Not that I'm aware of, but their WP talk page is pretty clear about them abusing WP for marketing purposes and that doesn't give them the benefit of the doubt with me when interacting with HN in this way, besides that the initial votes were so fast that I doubt that it was organic. But when dang wakes up I'm sure he'll be able to rule that out or confirm it. For all I know it is all legit but it certainly looked weird. Also note how the CTO nicely disclosed who he was but the CEO did not well after joining the thread until prompted to do so. Which makes me suspect this is a bit more organized than it may seem at first glance, but then again, that's not my call to make.

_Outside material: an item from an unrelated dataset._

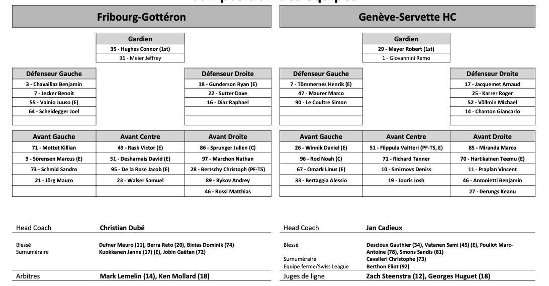 Formation des équipes et joueurs indisponibles pour le match Fribourg vs Genève 04/11/2022 Follow SwissHabs Derniers articles Il y a 18 minutes La saison de NHL de Nino Niederreiter serait terminée Il y a 24 minutes Les images des matchs de la soirée en National League Il y a 6 heures Formation des équipes et joueurs indisponibles pour le match Bienne vs Zoug Il y a 6 heures Formation des équipes et joueurs indisponibles pour le match Rapperswil vs Fribourg Il y a 6 heures Formation des équipes et joueurs indisponibles pour le match Kloten vs Langnau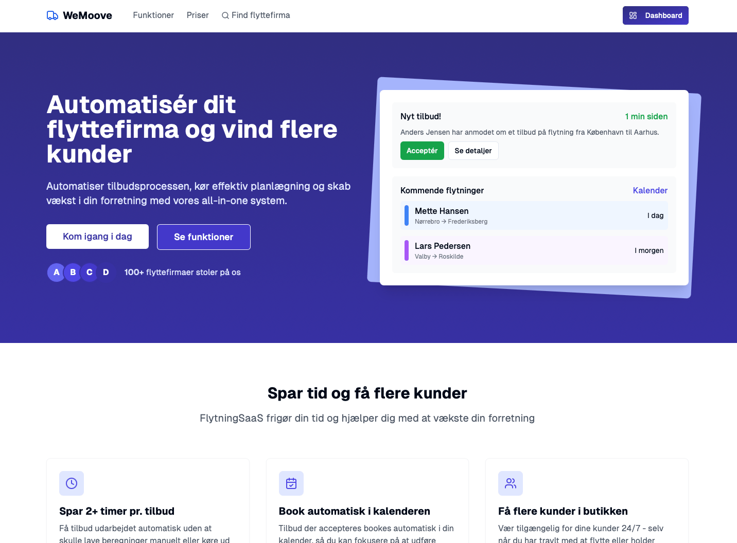 WeMoove er en komplet SaaS-løsning til flyttefirmaer, som automatisk genererer flyttetilbud og håndterer booking, medarbejdere og flyttebiler – helt uden manuel indsats. I stedet for at bruge timer på at udregne tilbud og koordinere biler og medarbejdere, får flyttefirmaet alt serveret på få sekunder. Løsningen sparer tid, vinder flere opgaver og kræver ingen teknisk viden at bruge.

If he had used another "anonymous" name I might've agree that it could border astro-turfing but if your handled matches your last-name it's probably more of an over-eager CEO that thinks the world revolves around his ideas and interests (Being the company at the moment), so I'd rather put it in the spammy-behaviour box (But that seems accepted to a certain extent here still for obvious reasons).
It's the combination of company URL, posted by a company person, commented on by another company person pushing questions (i.e. generate engagement) that seemed weird, and feels orchestrated.
It's well possible that this was really an innocent accident, but it would have looked better if something like this engagement post was posted by the same account as the original link.
If the content is good and nobody is hiding their affiliation with it then the correct word is just "posting". Otherwise it might fit within one of the categories you mentioned.
I agree that it would be better if they were up front with their affiliation, but hiding it (astroturfing) is not the same as not divulging.
I think I don't know 99% of the CEOs posting here, and I also don't need to? In the end similarly as any other employee posting for his company, and disclosure in the post is just fine? Don't get it.
HN is weird in that there is a format for that, which, as a relatively new entrant you may not be aware of, but that's what 'Show HN' is for, so that you know that whoever is posting something is associated with the article. Otherwise you will get to the point where HN is just another advertising medium, only with the ads not labelled as ads.
Is that written somewhere? Maybe just different understandings and expectations.. but for me "Show HN" is about here is my work/project I'm proud of, want to share with the rest of the world, want to have it discussed. For a normal news, even if you are the author of submitting, not sure if that's necessary. "Show HN" is imo not the anti-astroturfing disclosure, and for my expectations I would actually be a bit surprised and sad if a "Show HN" here would have lead me to just this little announcement, and maybe even downvote it :)
Yes, that's written somewhere but I'm not going to quite from private correspondence. I was recently corrected when I mentioned that Show HN is for projects rather than for companies and apparently it is for companies as well. As you can see by clicking the 'Show' link at the top of the page.
> Show HN is for something you've made that other people can play with. HN users can try it out, give you feedback, and ask questions in the thread
Feels like it fits exactly my understanding? Not company vs person/project, but press release/announcement vs something to play with, something easily accessible and tryable, detailed?? And it goes much further that it must be something like this.. and no mention at all that this is the necessary disclosure if this is your article, newsletter or similar.... this one here definitely not a "Show HN"!
You’re right, this is not accounting debt.
I don’t think OpenAI’s spending commitments alone are the problem, but OpenAI imploding will have a cascading effect and a realization check for everyone in the industry. What are the real prices for profitability and are businesses and consumers willing to pay for that, will we need ads, do we need an integrated product offerings to amortize the cost instead of standalone chat, etc. Also, S&P 500 going down by 10-20% will have a real impact on the real economy. If it happens.
I don’t think this should have been flagged.